Last updated: Fri 3 Apr 2015, 1:22 PM

That is the question being asked since the iconic newsweekly, that for 80 years with its rival Time magazine had become a must read for news and analyses for people around the world, announced last week that it would end print publication at year's end.

The magazine will live on digitally though as Newsweek Global, as an adjunct to the online magazine the Daily Beast, with which it merged last year.

Founded in 1933, after the creation of Time, it had grown to emerge as the second-largest news weekly magazine in the US with a circulation of more than 3.1 million at its height.

But by 2010 its circulation had fallen to below 1.8 million and its revenue dropped 38 percent from 2007 to 2009 prompting its sale by The Washington Post Company to 92-year-old audio pioneer Sidney Harman-for $1 plus an assumption of Newsweek's $47 million debt.

However, some media analysts suggested Newsweek's decision to go all digital may have been more a reflection of its own problems rather than the health of the print media as such.

"I don't think anything could have saved it," Evan Thomas, a writer and editor for Newsweek from 1986 to 2010, was quoted as saying by the Washington Post.

"The economic model was just broken, and there wasn't enough advertising to sustain the enormous staff that Newsweek had to have to be a comprehensive global news organization."

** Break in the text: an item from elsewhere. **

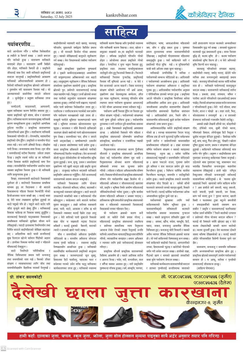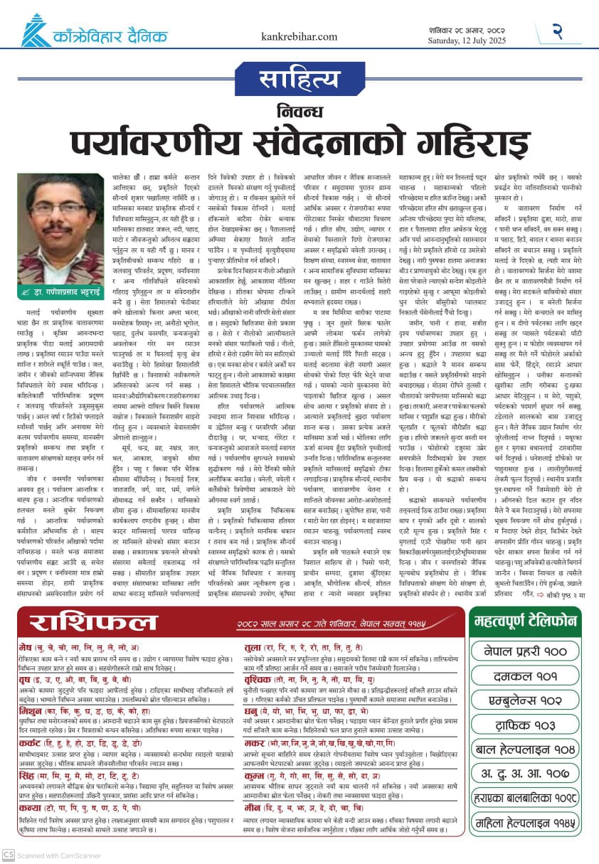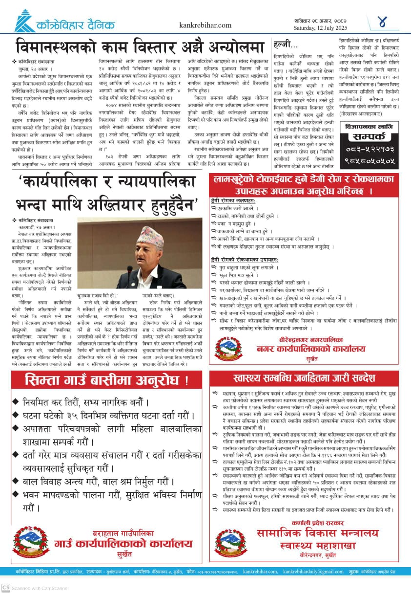 काँक्रेविहार दैनिकः शनिवार २८ असर २०८२, 12 July 2025

As a new research report pointed out if the circulation for the magazine industry as a whole dropped one percent in 2011 with Newsweek seeing the greatest declines (3.4 percent), The Economist and The Week both grew about 2 percent.

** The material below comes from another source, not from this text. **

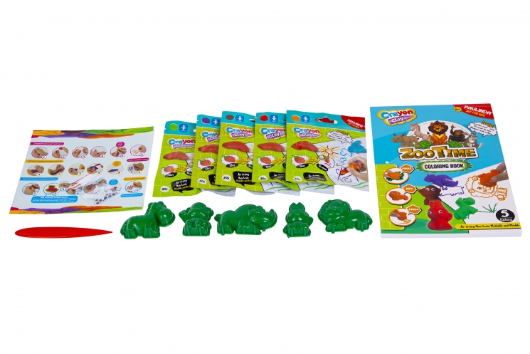 У комплекті: маса для ліплення (5 кольорів × 30 г), 5 пластикових формочок (носоріг, лев, мавпа, заєць, лоша), інструмент для ліплення, пластикові очі × 10, книжка-розмальовка, інструкція.

But as the 2012 State of the News Media report by Pew Research Centre's Project for Excellence in Journalism, also noted ad dollars followed the audiences to the web, and a stable business model helped cable television.

But much of the legacy media suffered revenue declines. Of all media sectors, newspapers suffered the most in 2011 losing roughly $10 in print ad revenue for every new $1 gained online.

Over the last five years, an average of 15 papers, or just about 1 percent of the industry, has vanished each year in the US.

As a matter of survival, perhaps as many as 100 more newspapers are expected to move to digital subscriptions in 2012 following about 150 publications that have already done so, the report predicted.

With Americans now fully into the digital era, the Pew report suggested that in five years many newspapers will offer a print home-delivered newspaper only on Sunday, and perhaps one or two other days a week that account most print ad revenue.